Many poultry recipes call for a flattened breast cut. Typically, the cook wants to flatten the breast without losing too much liquid so that the meat will not be dry after cooking. The most common way to prepare a flattened poultry breast is to hammer the breast with a mallet.
Hammering has drawbacks which include damaging the poultry meat, making a mess in the kitchen, fluid or pieces of meat may fly off of the breast or the mallet creating unsanitary conditions, a cook may become tired after hammering just a few breasts for the preparation of a meal, and it may be difficult for one person to flatten more than one piece of meat at a time.
Additionally, when flattening a batch of two or more poultry breasts by hammering it is likely that the flattened height of the hammered breasts in the batch will not be uniform and may vary significantly from one breast to another, particularly if there is variation in initial heights of the breasts in the batch.

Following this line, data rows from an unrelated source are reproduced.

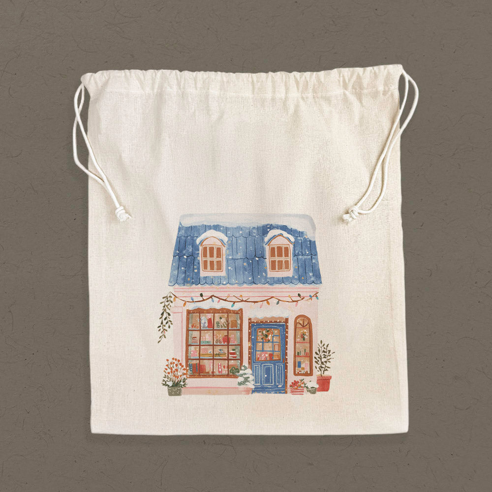 Cozy Winter Storefront - Customizable Cotton Cinch Bag
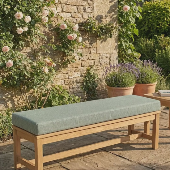 - Temperatur-Regulierung: Unser spezieller Outdoor-Stoff (Olefin) absorbiert kaum Wärme. Selbst wenn die Bank in der prallen Sonne steht, verbrennst du dir nicht die Beine.
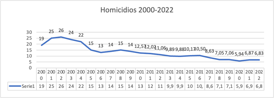 Ilustración 1: Evolución de tasa de homicidio 2000-2022
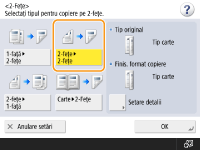 Puteţi să copiaţi originale cu o faţă pe ambele feţe ale hârtiei. De asemenea, puteţi copia un original faţă-verso pe ambele feţe ale hârtiei sau pe două coli separate.
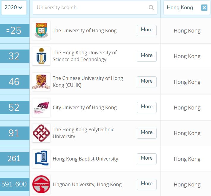 另外,在2018泰晤士高等教育(THE)亚洲大学排名中,香港浸会大学位列 第55位。 在2019年THE世界大学影响力排名世界第60名,位居 香港第二位。

Some cooking tools for meat may use rollers as conveyors to move cuts of meat or other ingredients from one part of an apparatus or one location in a kitchen to another and so forth. Other household tools such as a mop bucket or roller wringer may provide rollers pressed together and between which the mop rag may be passed to wring the mop dry by turning one of the rollers with a hand crank attached to the roller. Generally such roller wringers keep the rollers pressed tightly together to maximize the wringing force on whatever passes between the rollers to squeeze out as much liquid as possible. Thus conveyor rollers and wringer rollers are not generally well suited for flattening chicken or other poultry breasts.

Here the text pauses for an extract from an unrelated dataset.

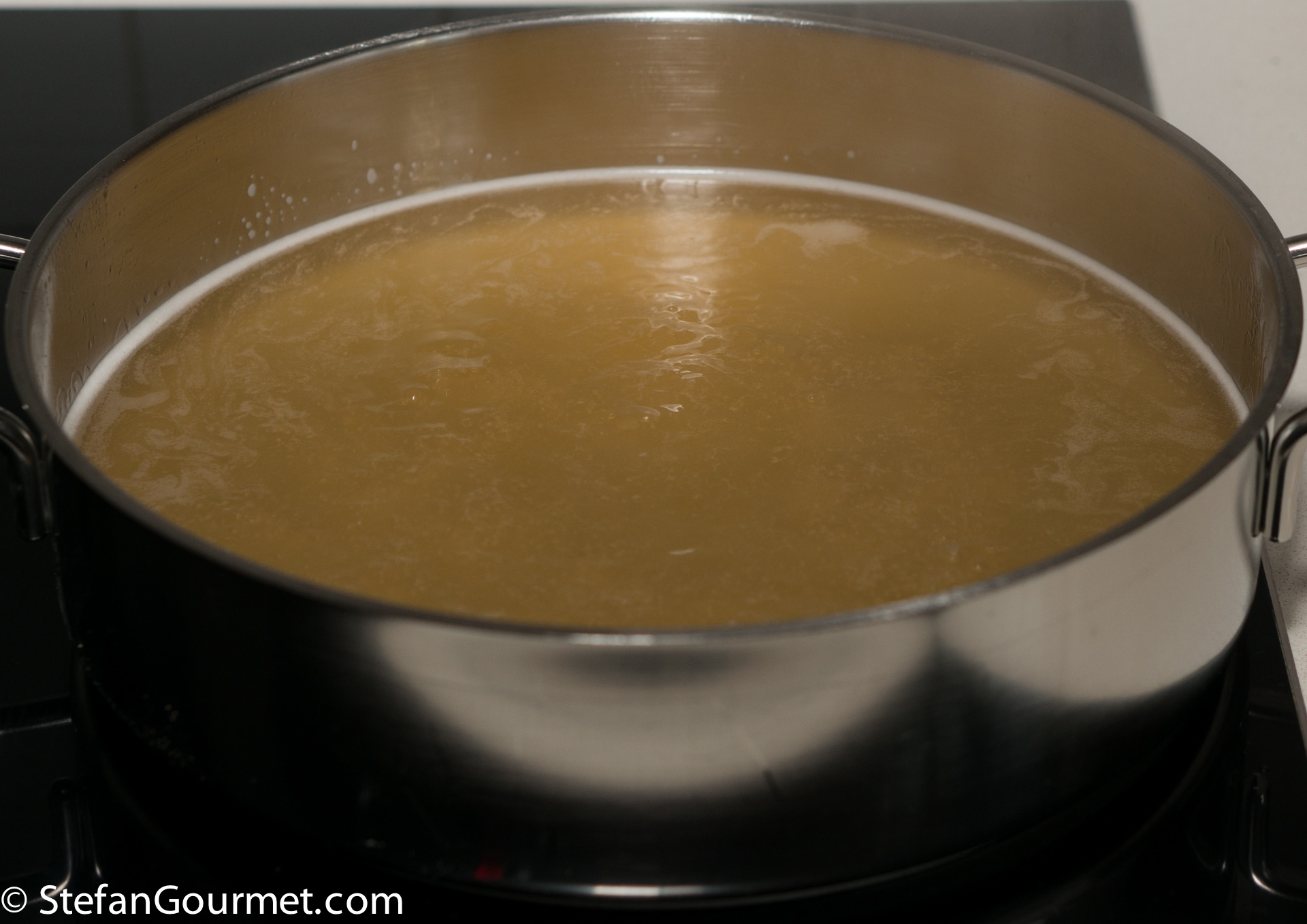 Put the stock in a wide pan, bring it to a boil, then reduce over medium heat to about 360 ml (1 1/2 cups).

There is a need, therefore, for a press to flatten poultry breasts or other cuts in such a way as to reduce the disadvantages encountered when hammering poultry breasts with a mallet. The present disclosure describes a press that may advantageously reduce the damage done to the meat in the flattening process in comparison hammering, may reduce the mess and unsanitary conditions of the kitchen, may use less physical exertion on the part of the cook, which may be adapted to flatten more then one cut of meat at a time, and which may allow a batch of two or more poultry breasts to be flattened substantially uniformly to approximately the same height regardless of their starting height.